* DATA FOR THIS TASK
——

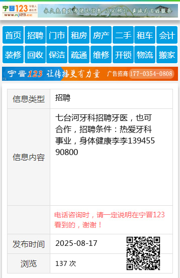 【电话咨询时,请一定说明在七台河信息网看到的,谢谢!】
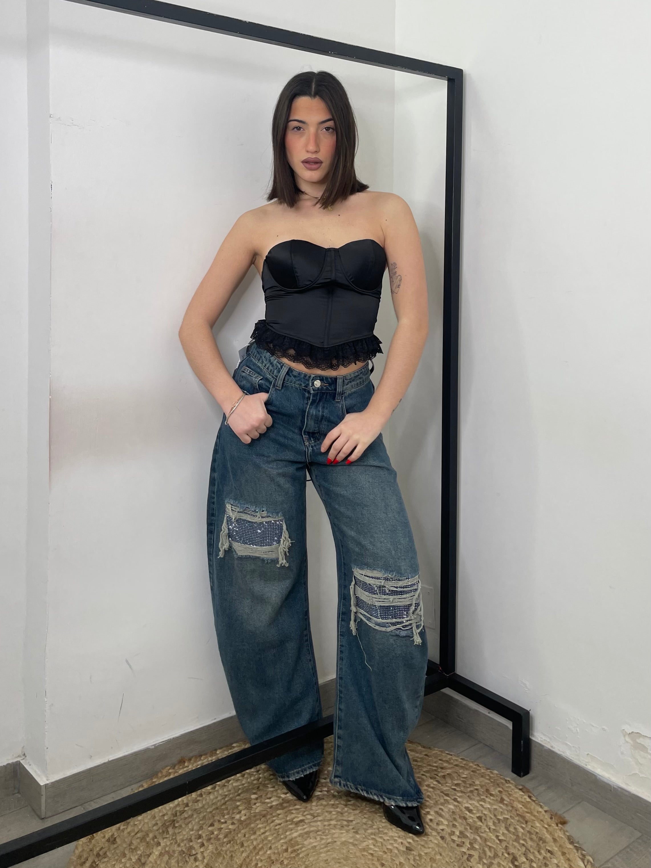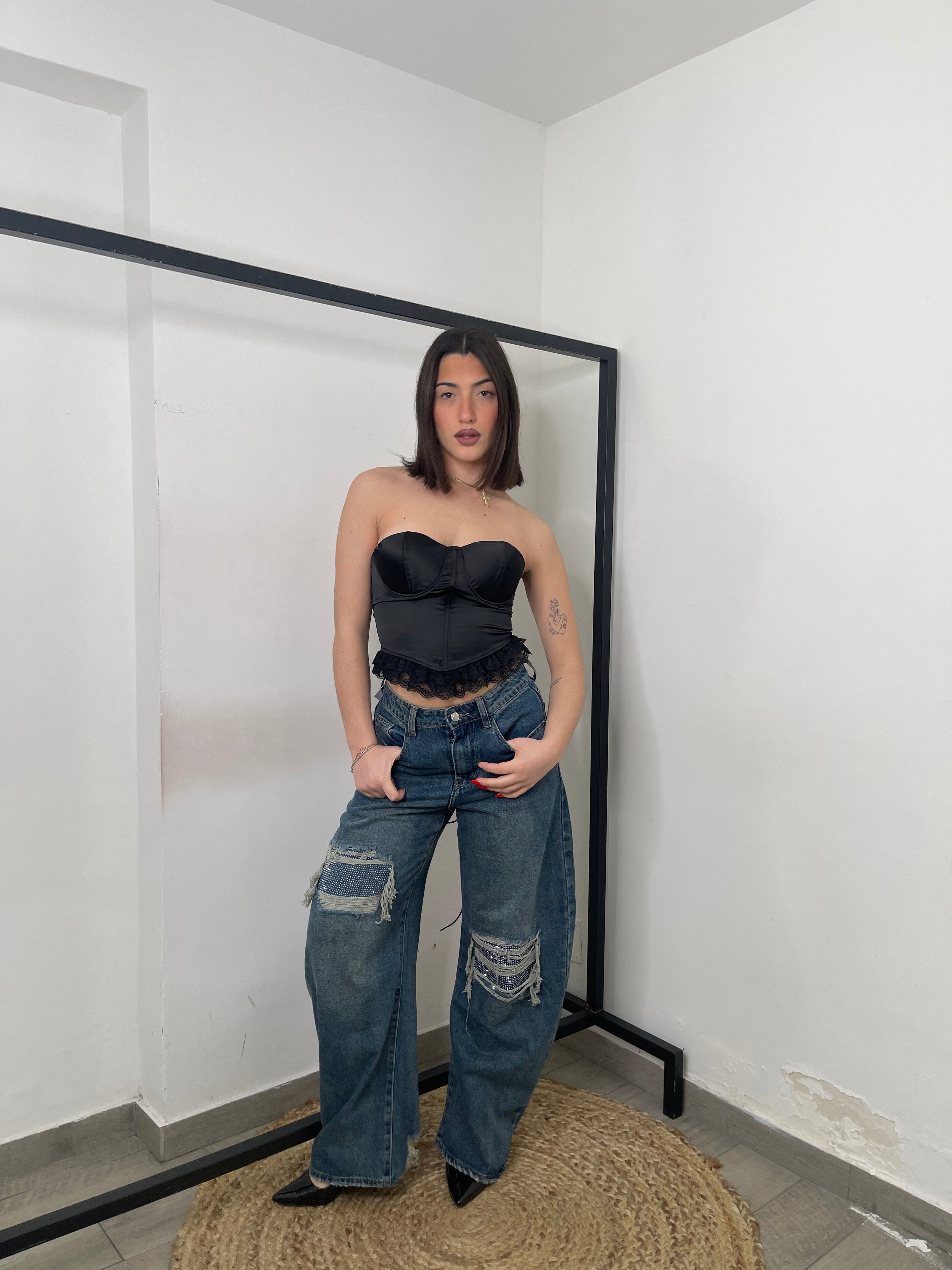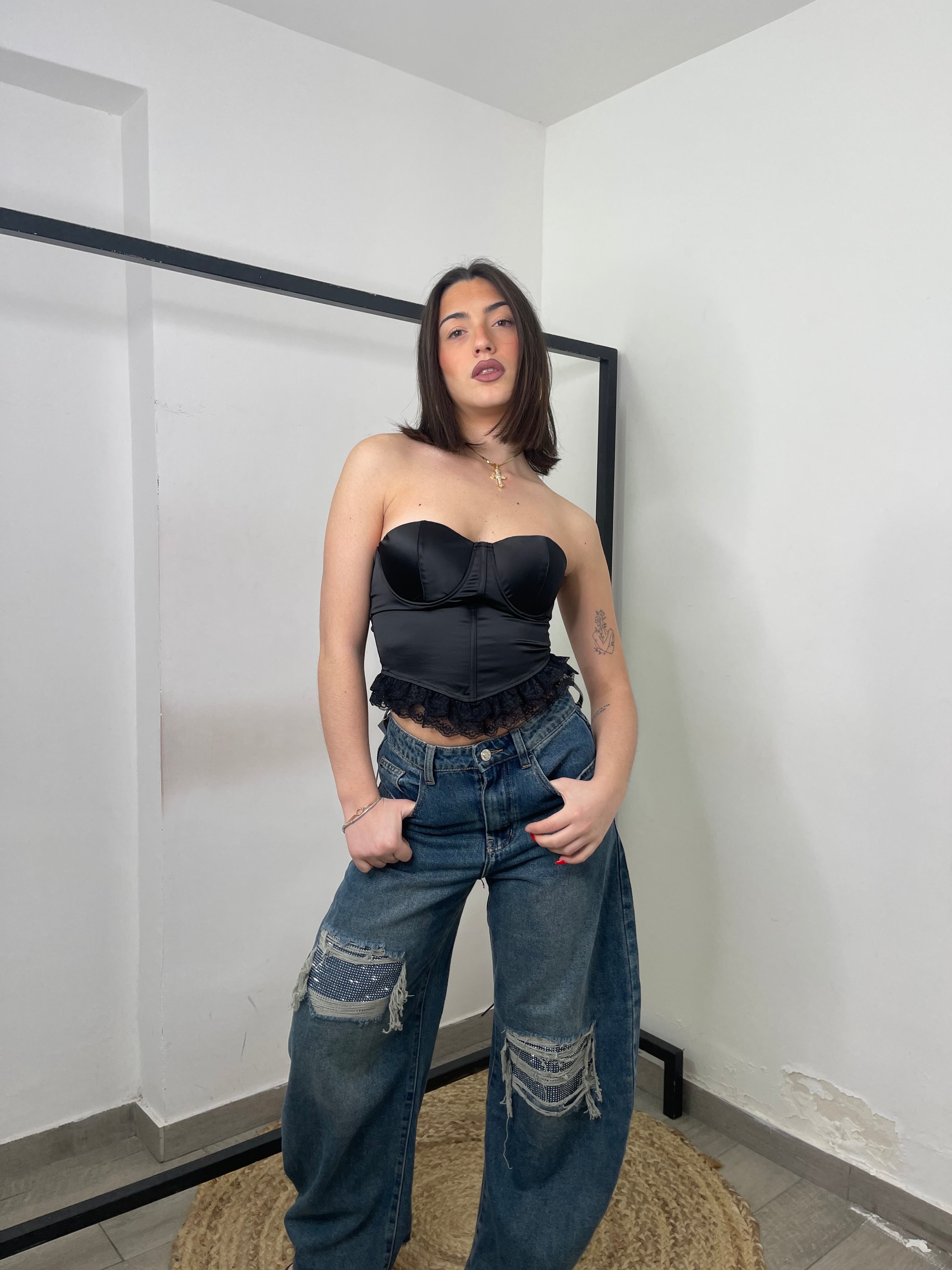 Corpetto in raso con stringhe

——

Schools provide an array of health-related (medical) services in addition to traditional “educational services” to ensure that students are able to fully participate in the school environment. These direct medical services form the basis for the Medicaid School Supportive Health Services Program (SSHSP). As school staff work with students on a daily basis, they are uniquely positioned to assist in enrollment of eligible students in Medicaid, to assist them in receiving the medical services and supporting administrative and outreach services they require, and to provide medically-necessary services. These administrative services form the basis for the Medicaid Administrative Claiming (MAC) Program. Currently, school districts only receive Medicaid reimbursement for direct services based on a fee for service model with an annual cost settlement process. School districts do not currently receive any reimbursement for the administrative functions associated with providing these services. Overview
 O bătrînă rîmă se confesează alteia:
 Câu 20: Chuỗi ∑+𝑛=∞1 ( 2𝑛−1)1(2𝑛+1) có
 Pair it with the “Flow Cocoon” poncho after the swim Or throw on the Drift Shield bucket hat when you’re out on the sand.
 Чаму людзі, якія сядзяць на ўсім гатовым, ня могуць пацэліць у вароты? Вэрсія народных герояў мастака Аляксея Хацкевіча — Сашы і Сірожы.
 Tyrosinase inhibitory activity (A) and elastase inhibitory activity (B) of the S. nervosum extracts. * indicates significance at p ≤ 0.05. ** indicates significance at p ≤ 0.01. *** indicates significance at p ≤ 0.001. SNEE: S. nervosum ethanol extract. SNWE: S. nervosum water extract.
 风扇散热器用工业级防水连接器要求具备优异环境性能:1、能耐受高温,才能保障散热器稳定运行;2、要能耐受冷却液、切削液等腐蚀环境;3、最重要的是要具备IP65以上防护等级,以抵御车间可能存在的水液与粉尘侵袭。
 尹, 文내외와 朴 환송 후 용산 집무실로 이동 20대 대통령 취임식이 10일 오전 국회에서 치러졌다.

——

* WORK TASK
Every line above from the line with "风扇散热器用工业级防水连接器" to the line with "尹, 文내외와 朴 환송", inclusive, must be returned exactly; no other line belongs in the reply.

* RESPONSE
 风扇散热器用工业级防水连接器要求具备优异环境性能:1、能耐受高温,才能保障散热器稳定运行;2、要能耐受冷却液、切削液等腐蚀环境;3、最重要的是要具备IP65以上防护等级,以抵御车间可能存在的水液与粉尘侵袭。
 尹, 文내외와 朴 환송 후 용산 집무실로 이동 20대 대통령 취임식이 10일 오전 국회에서 치러졌다.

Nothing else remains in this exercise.